The blended learning strategy helped them by drastically cutting down the time new hires spent in classroom training, addressing diverse learning styles, leveraging technology for rapid upskilling of new hires.
Source – CommLab
The Boeing Company wanted to improve its capture team leader (CTL) training to reflect the work that the business development role performs in the organization. In addition to better preparing participants for the CTL role, they wanted to reduce the classroom time and also the dependency on experienced CTLs.
The company opted for a blended learning solution that included small, web-based training lessons. This curriculum allowed employees to gain a foundational knowledge of the CTL role, its responsibilities, and the tools they needed. It also enabled them to practice the skills of a CTL before attending the live session and this preparation came in handy when the participants came to the classroom session. Throughout the classroom-based learning, participants were walked through the phases of a real capture effort using the knowledge and assignments they completed in the pre-classroom online learning.
The outcome was that 82.5% of the respondents felt they could immediately use the course content on the job, and 100% responded that they would recommend the course to a colleague.
Source – Training industry
Blended learning for corporate training is not only cost-effective but also a more natural way to learn. If you need just one word to describe using blended learning for corporate training, it is “flexibility”.

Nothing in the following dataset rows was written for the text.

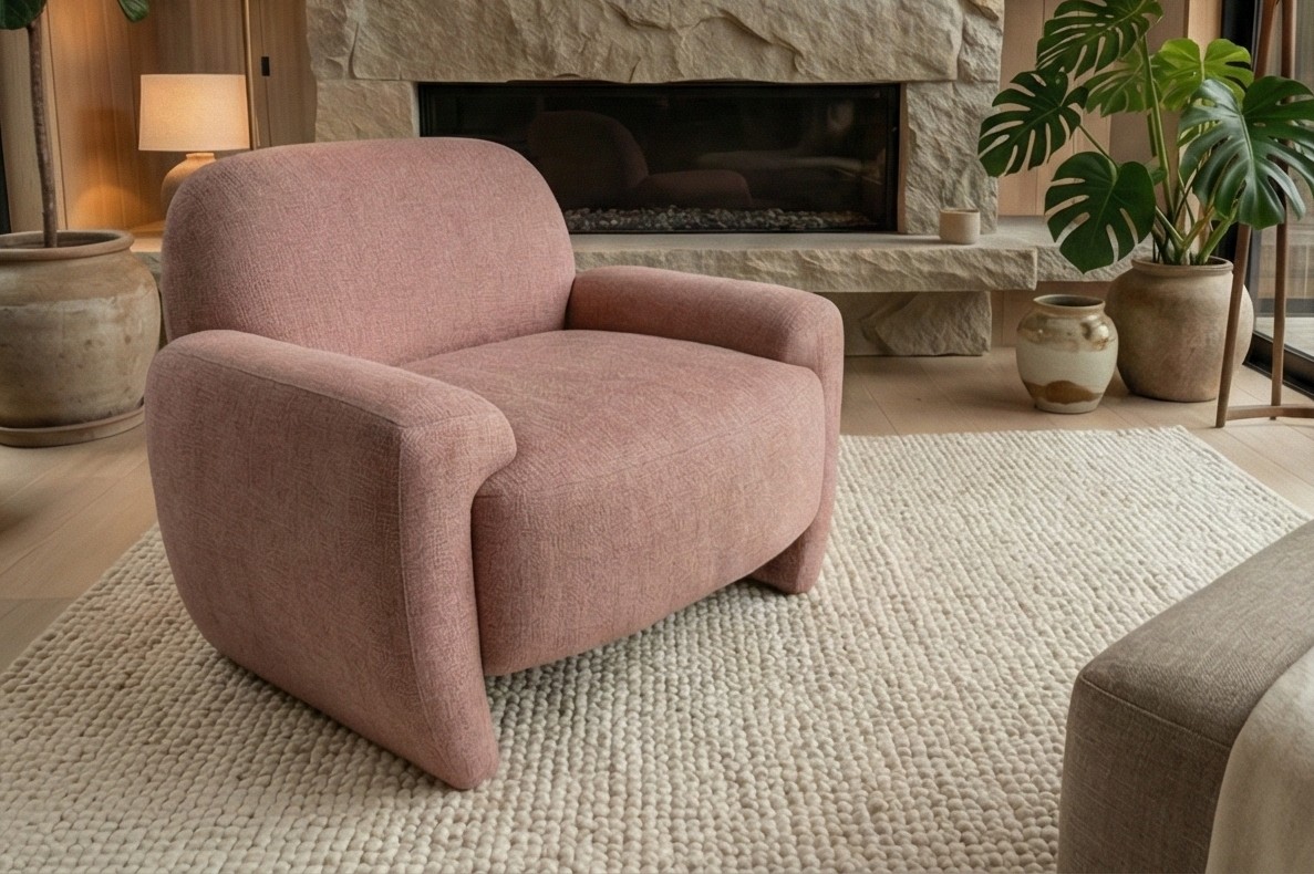 כורסא מעוצבת דגם ‘איתי‘ בגוון ורוד עתיק, במקום 3,290 ₪ רק ב – 2,290 ₪ !!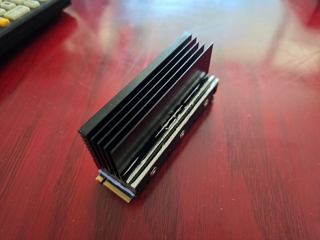 하단 SSD 위치가 PCIe 슬롯에 가까운데 SSD에 부착해 둔 방열판이 랜 카드의 방열판과 닿아서 설치가 불가능했습니다. ㅠㅠ (위 사진은 방열판 달기 전 상태) 방열판을 달지 않으면 SSD의 온도가 80~90도까지도 올라가기 때문에 고민 끝에 SSD 방열판 가공에 들어갑니다.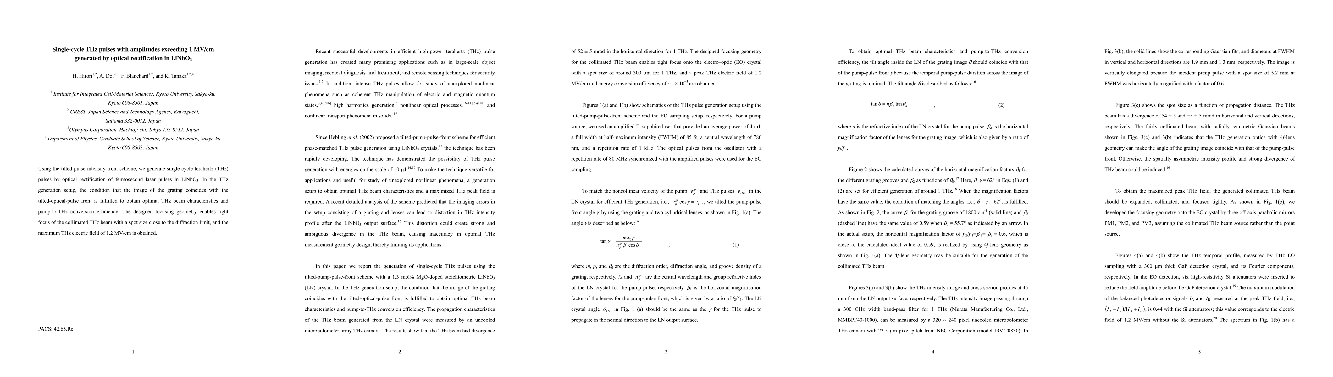 This paper reports the generation of single-cycle THz pulses with amplitudes over 1 MV/cm using optical rectification in LiNbO3, employing a tilted-pulse-intensity-front scheme for optimal THz beam characteristics and conversion efficiency. The setup achieves a THz spot size near the diffraction limit, resulting in a maximum THz electric field of 1.2 MV/cm.

To boost the effectiveness of your blended learning programs, implement digital adoption platforms such as Whatfix, that provide a centralized and user-friendly environment for learners to access and interact with various digital tools and resources. They help streamline the integration of online components within a blended learning program, offering a cohesive experience.
DAPs provide step-by-step guidance, interactive tutorials, and in-app support, which can be especially valuable for learners navigating online content. This technology enhances learner autonomy and engagement, allowing them to make the most of online resources while seamlessly transitioning between in-person and digital learning components. Additionally, DAPs offer analytics and insights that educators can use to assess learner progress, identify areas for improvement, and tailor the blended learning experience for better outcomes.